About this task:
The data below should be transcribed in full, with no picture included.

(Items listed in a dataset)
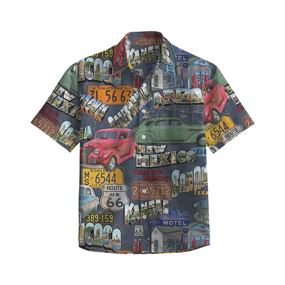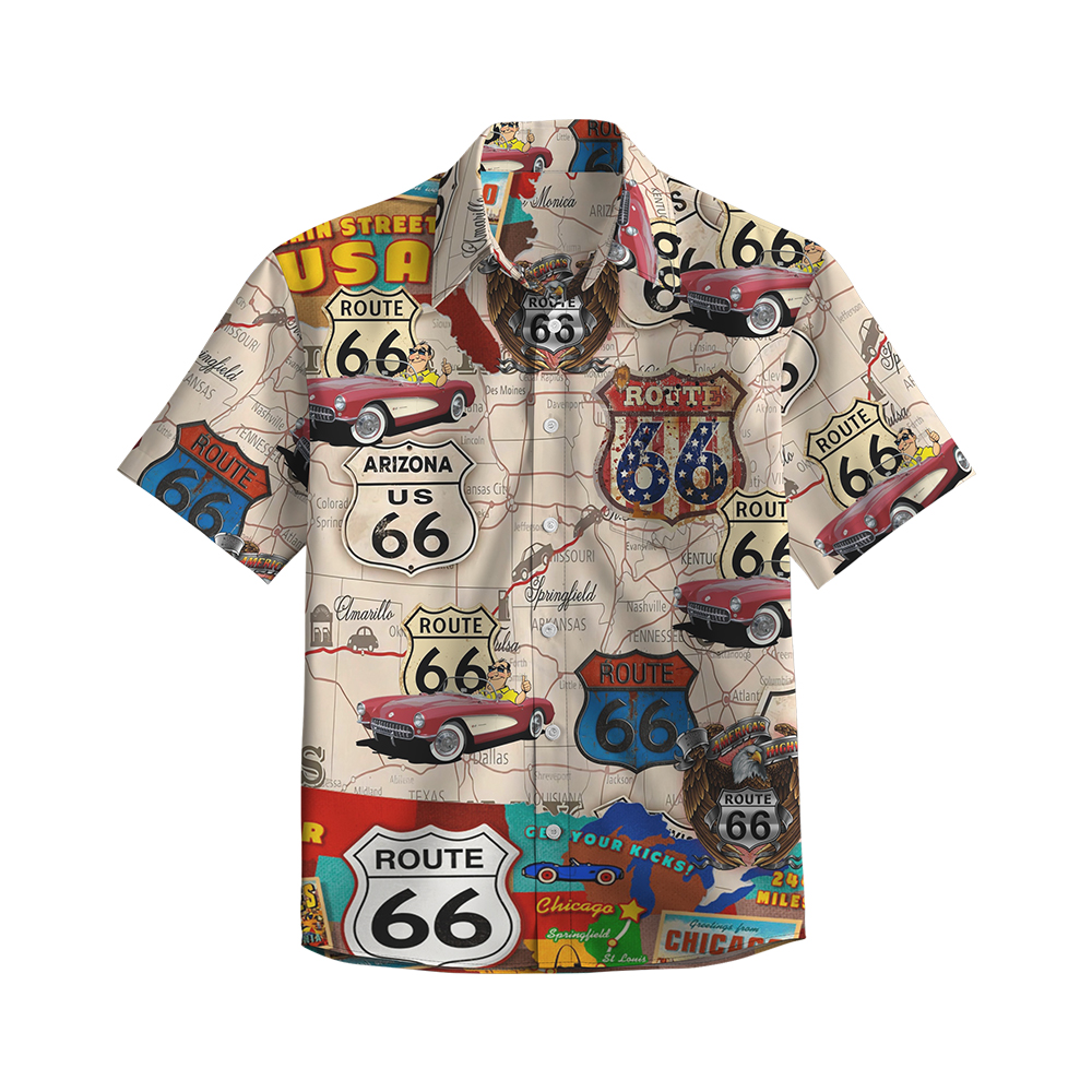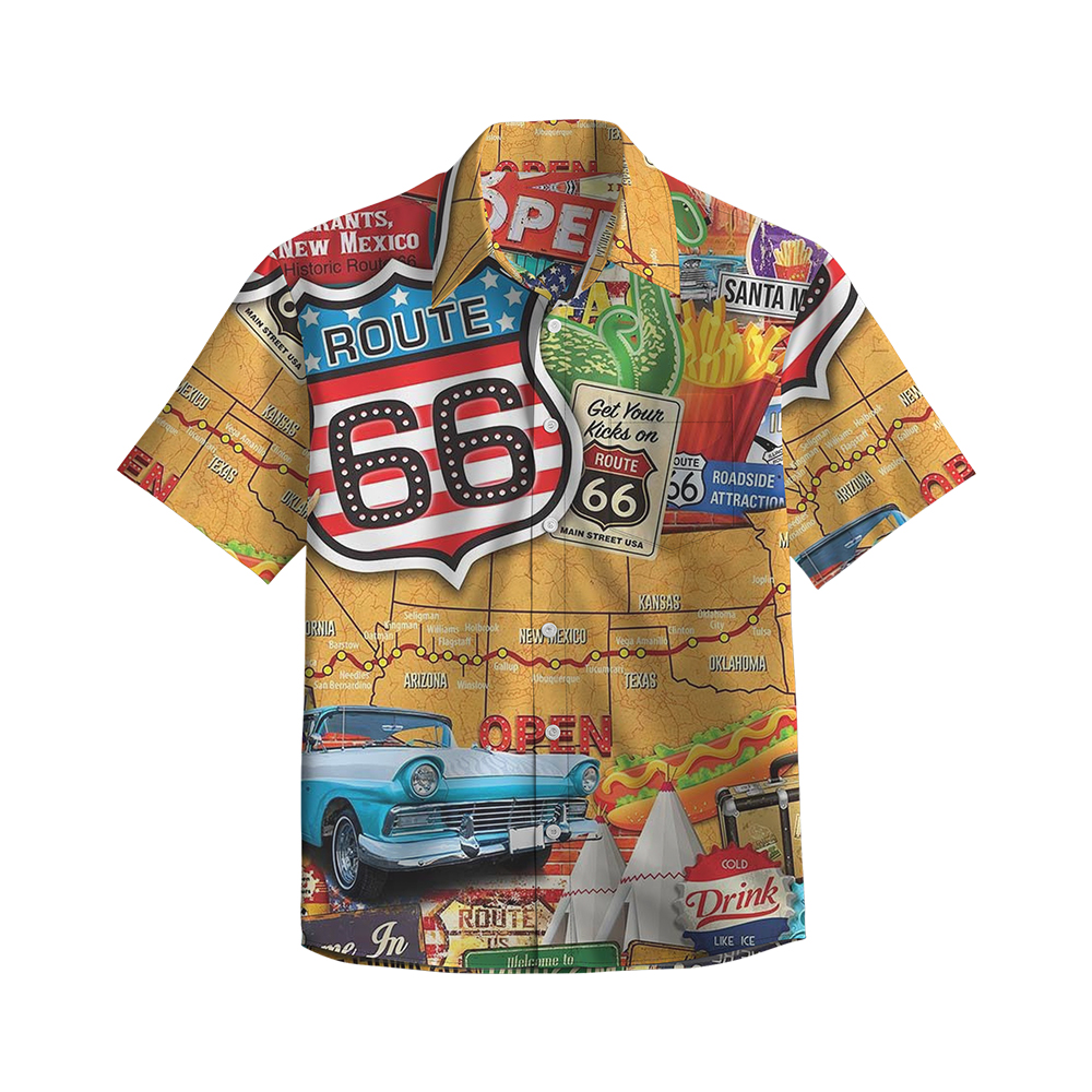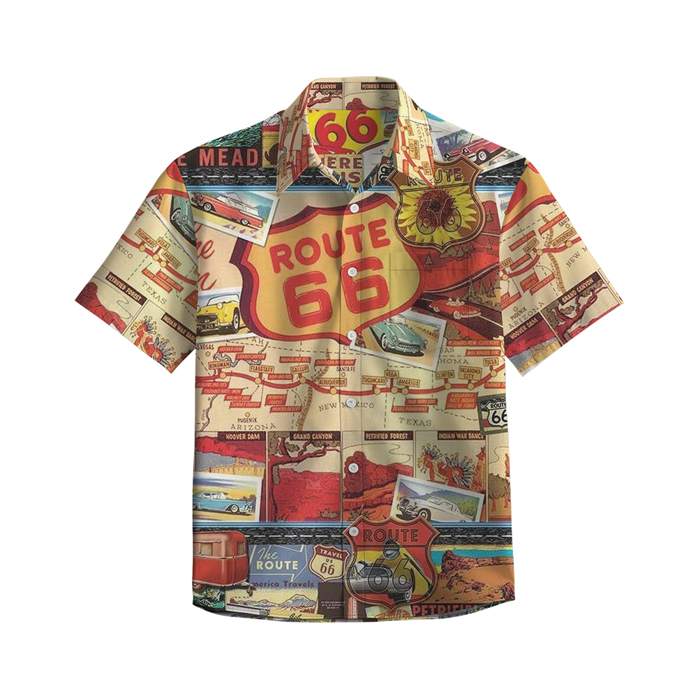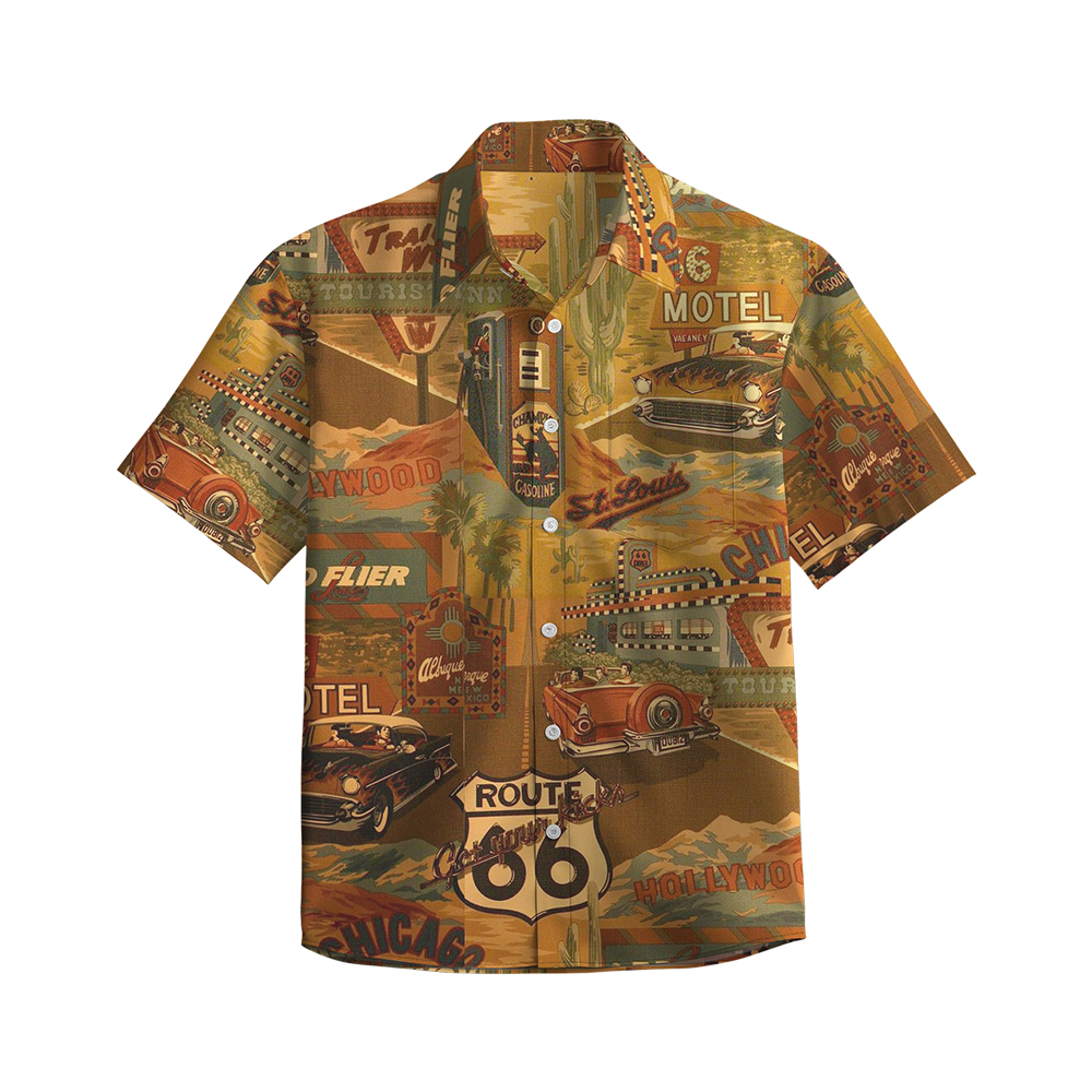 100% Cotton Men's Multicolor Road 66 Pop Print Short Sleeve Shirt
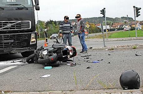 Burgkunstadt — Bei einem Verkehrsunfall am Montag gegen 15.40 Uhr ist ein 57-jähriger Rollerfahrer schwer verletzt worden. Der Mann war mit seinem Zweirad auf der B 289 in Richtung Kulmbach unterwegs, als ihm ein aus Richtung Kulmbach kommender Sattelzug, der nach links in die Straße In der Au abbiegen wollte, vermutlich die Vorfahrt nahm. Bei dem Zusammenstoß wurde der Rollerfahrer schwer verletzt. Er wurde ins Klinikum Kulmbach gebracht und schwebt nach Angaben der Polizei nicht in Lebensgefahr. Laut Polizei beträgt der Schaden zwischen 6000 und 8000 Euro. 15 Einsatzkräfte der Feuerwehr sicherten die Unfallstelle und regelten den Verkehr.
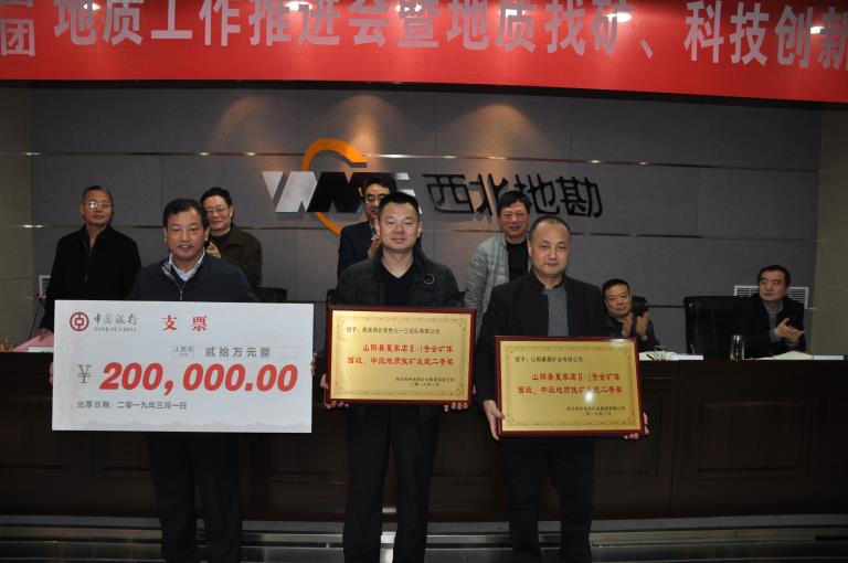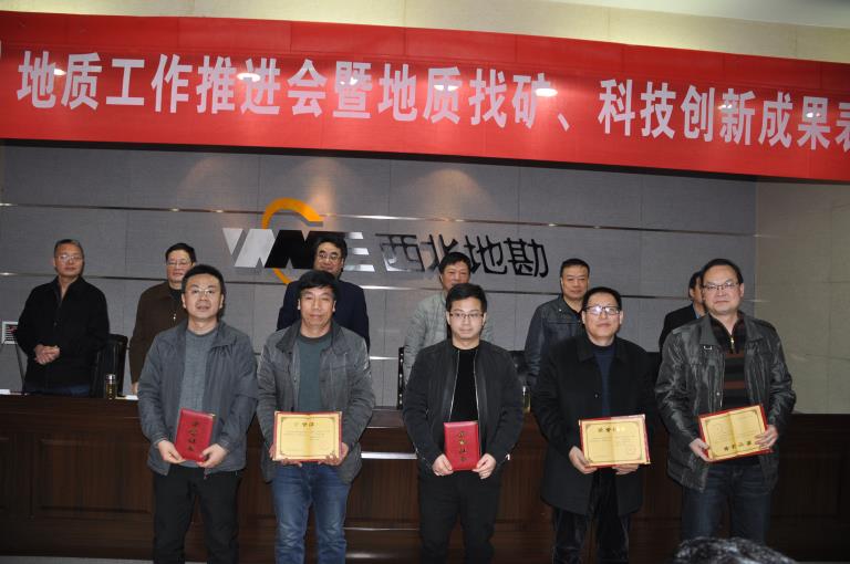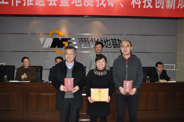会议对地矿集团、黄金集团地质找矿和科技创新成果进行了表彰奖励。授予713总队、山阳秦鼎矿业有限公司“2018年度地质找矿发现奖二等奖”,奖励胡远平、胡兴旺、王亚伟、王向阳、李剑斌等技术人员20万元;授予“智能化自动注射进样多通道原子荧光光度计的研制与应用技术研究”项目“科技创新成果奖”,奖励3万元;授予李日升博士“先进科技工作者”荣誉称号,奖励5千元;授予地矿集团地球物理院士专家工作站“先进科技集体”荣誉称号,奖励1万元;授予陕西省贵金属材料创新中心“2018年度科技创新突出贡献奖”,奖励3万元。地矿集团、黄金集团领导为获奖代表颁发了证书和奖金。
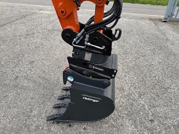 - Technische Daten* Neue Maschine* Komplett mit Oilquick – Drehschnellkupplung (Holp OQR 031)* Verrohrung* IFM-Display (Wegfahrsperre, Funktionsumschaltung) * 1.300 mm Steuerhebel* 300 mm Gummiketten* Betriebsgewicht 2.720 kg* Motorleistung 15,6 kW* Yanmar-Motor 3TNV70 gemäß europäischer Norm Stufe V* AM/FM-Radio* 2 x Tieflöffel (300 mm und 500 mm)
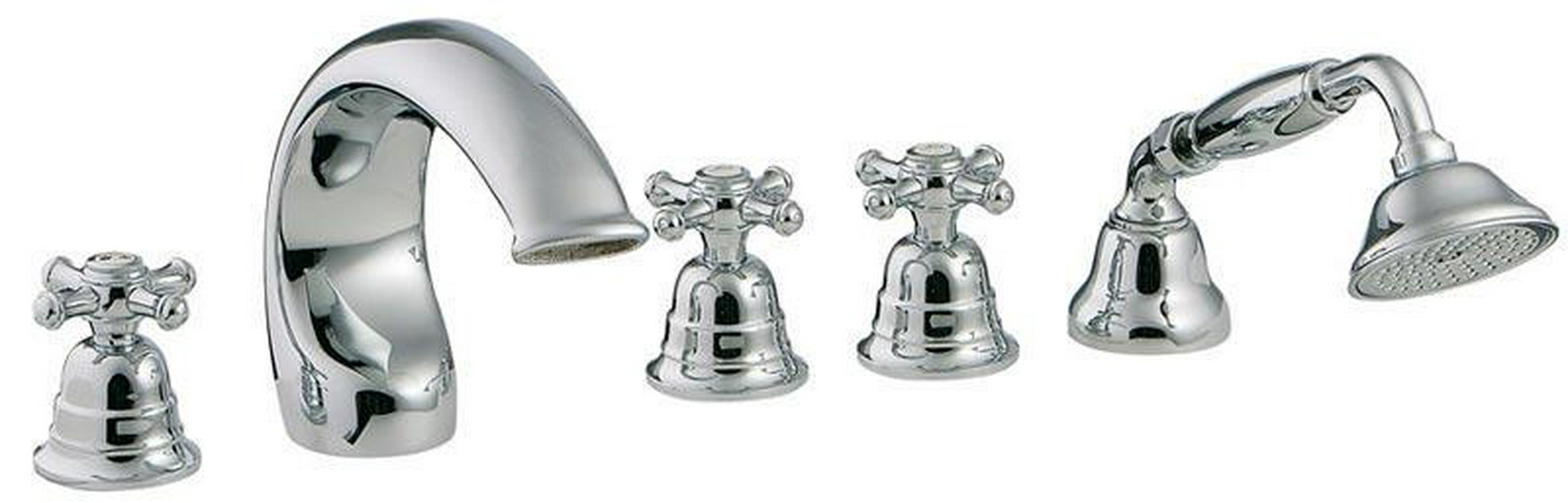 Смеситель для ванны, встраиваемый в борт ванны с душ. гарнитуром на 5 отв. (хром), Old italy ZZ
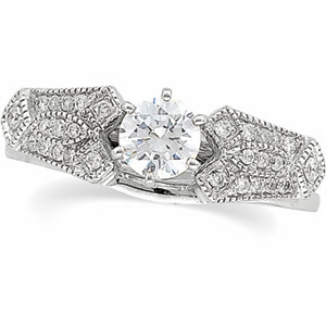 Diamond Bridal Enhancer | 1/5 Carat TW Side Diamonds. 14K White Gold. Shown with 6-Prong Round Heavy Shank Solitaire SKU 140309H, which is sold separately.

Completed task:
 100% Cotton Men's Multicolor Road 66 Pop Print Short Sleeve Shirt
 Burgkunstadt — Bei einem Verkehrsunfall am Montag gegen 15.40 Uhr ist ein 57-jähriger Rollerfahrer schwer verletzt worden. Der Mann war mit seinem Zweirad auf der B 289 in Richtung Kulmbach unterwegs, als ihm ein aus Richtung Kulmbach kommender Sattelzug, der nach links in die Straße In der Au abbiegen wollte, vermutlich die Vorfahrt nahm. Bei dem Zusammenstoß wurde der Rollerfahrer schwer verletzt. Er wurde ins Klinikum Kulmbach gebracht und schwebt nach Angaben der Polizei nicht in Lebensgefahr. Laut Polizei beträgt der Schaden zwischen 6000 und 8000 Euro. 15 Einsatzkräfte der Feuerwehr sicherten die Unfallstelle und regelten den Verkehr.
会议对地矿集团、黄金集团地质找矿和科技创新成果进行了表彰奖励。授予713总队、山阳秦鼎矿业有限公司“2018年度地质找矿发现奖二等奖”,奖励胡远平、胡兴旺、王亚伟、王向阳、李剑斌等技术人员20万元;授予“智能化自动注射进样多通道原子荧光光度计的研制与应用技术研究”项目“科技创新成果奖”,奖励3万元;授予李日升博士“先进科技工作者”荣誉称号,奖励5千元;授予地矿集团地球物理院士专家工作站“先进科技集体”荣誉称号,奖励1万元;授予陕西省贵金属材料创新中心“2018年度科技创新突出贡献奖”,奖励3万元。地矿集团、黄金集团领导为获奖代表颁发了证书和奖金。
 - Technische Daten* Neue Maschine* Komplett mit Oilquick – Drehschnellkupplung (Holp OQR 031)* Verrohrung* IFM-Display (Wegfahrsperre, Funktionsumschaltung) * 1.300 mm Steuerhebel* 300 mm Gummiketten* Betriebsgewicht 2.720 kg* Motorleistung 15,6 kW* Yanmar-Motor 3TNV70 gemäß europäischer Norm Stufe V* AM/FM-Radio* 2 x Tieflöffel (300 mm und 500 mm)
 Смеситель для ванны, встраиваемый в борт ванны с душ. гарнитуром на 5 отв. (хром), Old italy ZZ
 Diamond Bridal Enhancer | 1/5 Carat TW Side Diamonds. 14K White Gold. Shown with 6-Prong Round Heavy Shank Solitaire SKU 140309H, which is sold separately.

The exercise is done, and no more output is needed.